1. Abstract
When using an over-parameterized model, the author found the model can be pruned without losing the most accuracy.
- The author identifies the essential weight using LWM to obtain the mask.
- For pruned model, train on source domain with regularization.
- Then, transfer the model to the target domain, freeze the un-pruned parameter on the source domain, and train only the pruned parameter on the target domain.
2. Contribution
- Very first using pruning in transfer learning.
- First use transfer learning to solve ODE and PDE.
- Using pruning with regularization to achieve SOTA as claimed
2.1. Idea
- Using prune techniques in transfer learning.

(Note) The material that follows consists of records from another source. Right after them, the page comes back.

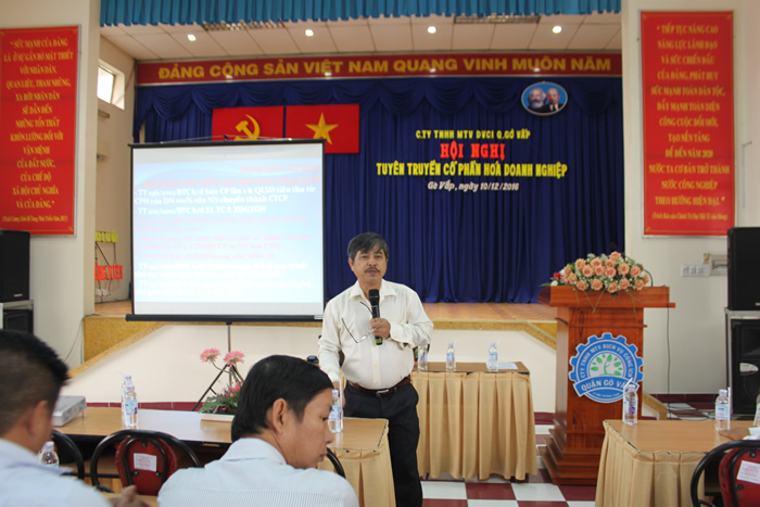 Hội nghị tuyên truyền được chia thành 2 đợt, phổ biến và giải đáp các nội dung liên quan đến Cổ phần hóa Công ty TNHH MTV Dịch vụ công ích quận Gò Vấp đến toàn thể Viên chức quản lý và người lao động tại công ty, kế hoạch tuyên truyền diễn ra vào 2 ngày, dự kiến hoàn tất trong ngày 24 tháng 12 năm 2016.
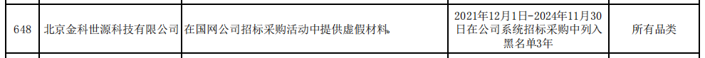 其中,北京金科世源科技有限公司在国网公司招标采购活动中提供虚假材料被通报。处理措施:2021年12月1日-2024年11月30日在公司系统招标采购中列入黑名单3年。处理范围:所有品类。
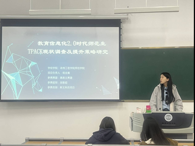 徐州工程学院师范学院于2024年10月23日19时在求真203举办学院挑战杯选拔赛。比赛选手从选题、研究方法、数据分析、论文撰写等方面,进行现场展示。学院组织院内评审,对作品及作者资格审查,对申报作品充分评估,最终遴选出4组项目晋级。
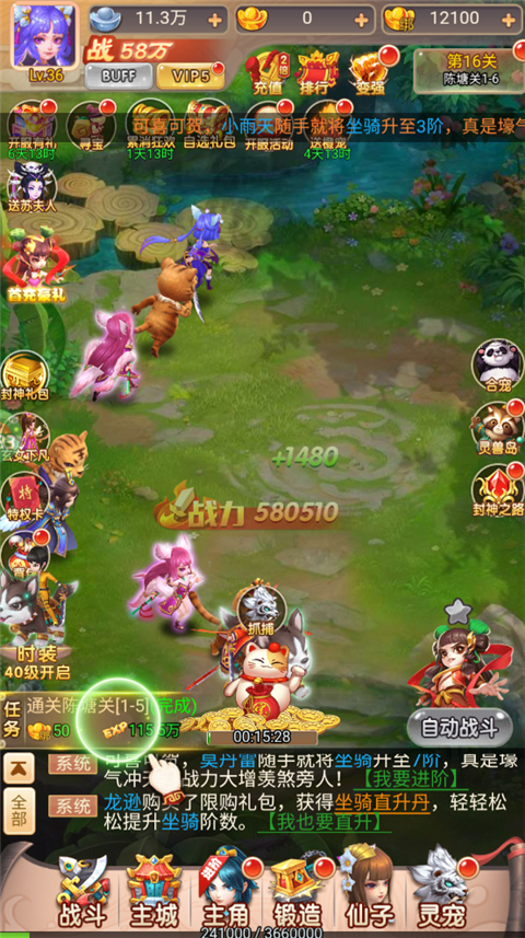 高福利轻松开局:创角即送VIP5、百万元宝、极品灵宠(如雷震子),登录15天再领超凡神宠,零氪玩家快速成型。

- For a large model, it considers prune as the optimal weight search. The unpruned part of the source domain’s model is frozen when training on the target domain. Utilize the rest of the model capacity (the pruned part of the model)on the target domain.
3. Proposed Framework
3.1. Pruning
Prune using LWM, only preserve the largest K weights of the original source trained model. The rest of the weights are being pruned. $$ m^{i}= \begin{cases}1, & \text { if }\left|w^{i}\right|>w_{\kappa} \\ 0, & \text { otherwise }\end{cases} $$
3.2. Allocation
After pruning the model with the LWM $k$-th largest mask, on the source domain, train the pruned model with regularization. The regularization method being used is
$$ \Omega(\mathbf{w})=\lambda||\mathbf{w}-\mathbf{w}_{S}||^{2}=\lambda \sum_{i=1}^{D}||w^{i}-w_{S}^{i}||^{2} $$ This is the starting point regularization, encourages the transferred target weight should be close to the initial source weight to avoid catastrophic forgetting.
It is because some important weights may be driven far away from their initial $w_S$
3.3. Calibration
This step is train on the target domain. First, unpruned weight train on the source domain is frozen. The parameter update is being applied on the pruned weight. The main idea maybe to utilize the unused capacity of the model.